Fig. 7. Integration of transcriptome data improves…
Fig. 7. Integration of transcriptome data improves annotation of putative protein truncating variants (PTVs)
(A) The majority of annotated PTV variants are partial PTV, meaning that only a fraction of the RNA-seq transcripts support PTV annotation. (B) For all the predicted PTV variants, we ask what percentage of variants maintain a PTV annotation if we require that a fixed percentage of the dominant isoforms across all sequenced tissues support a PTV prediction; 70% of PTV variants are relevant if the threshold is 10%, whereas only 40% of PTV variants are relevant if the threshold is 100%.
Fig. 8. Tissue-dependent GWAS eQTL enrichment Q-Q…

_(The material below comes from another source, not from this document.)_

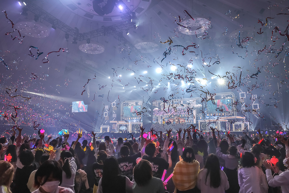 まずもって、ドット絵で描かれた4人が大冒険を繰り広げるロールプレイングゲーム風のオープニングムービーからしてドキドキワクワクが止まらない。そこに、ナポレオンジャケットをアレンジした衣装をまとった凜々しいメンバーが、メインステージ下からリフターで登場。2022年末開催のクリスマスバーチャルライブ『Strawberry Party!! Vol.2 ~Christmas Live 2022~』の世界観を引き継ぐようなステージセットに、やっぱりとてもよく似合う4人だ。

Fig. 8. Tissue-dependent GWAS eQTL enrichment Q-Q plots
(A) eQTLs are enriched for trait associations with an important class of complex diseases. eQTLs discovered in whole blood (plotted in red) show significant enrichment for SNPs associated with autoimmune disorders from the WTCCC study (type 1 diabetes, Crohn’s disease, and rheumatoid arthritis) relative to null expectation (shown in gray) defined by non-eQTLs. (B) Enrichment of eQTLs for disease associations is tissue-dependent. Single-tissue eQTL annotation can be used to increase power to detect associations with hypertension, a disease for which the WTCCC study failed to yield significant associations. Notably, eQTLs discovered in adipose are enriched relative to muscle, lung, thyroid, skin, heart, and tibial artery (P < 0.05, Kolmogorov-Smirnov test) for known SNP associations with the hypertension.
Fig. 9. A blood pressure-associated SNP is…
Fig. 9. A blood pressure-associated SNP is a significant eQTL in tibial artery, for ARHGAP42 and TMEM133
(A) The GWAS SNP, rs633185 in the intron of ARHGAP42, is associated with systolic blood pressure (P = 1.2 × 10−17) and diastolic blood pressure (P = 2 × 10−15). This GWAS SNP is in tight LD (r2 = 0.93) with the most significant eQTL for ARHGAP42 in tibial artery, rs604723 (P = 1 × 10−8), and is the most significant eQTL for TMEM133 in tibial artery (P = 2.7 × 10−8). Tibial artery was the only significant tissue at FDR < 0.05 according to the single-tissue eQTL discovery method. (B) Average posterior probability of the most significant cis-eQTL, rs607562 for ARHGAP42 at FDR < 0.05 from the multitissue eQTL methods. (C) Similar plot for TMEM133. The most significant cis-eQTL for TMEM133 from the multitissue methods at FDR < 0.05 is the GWAS SNP, rs633185, in tibial artery.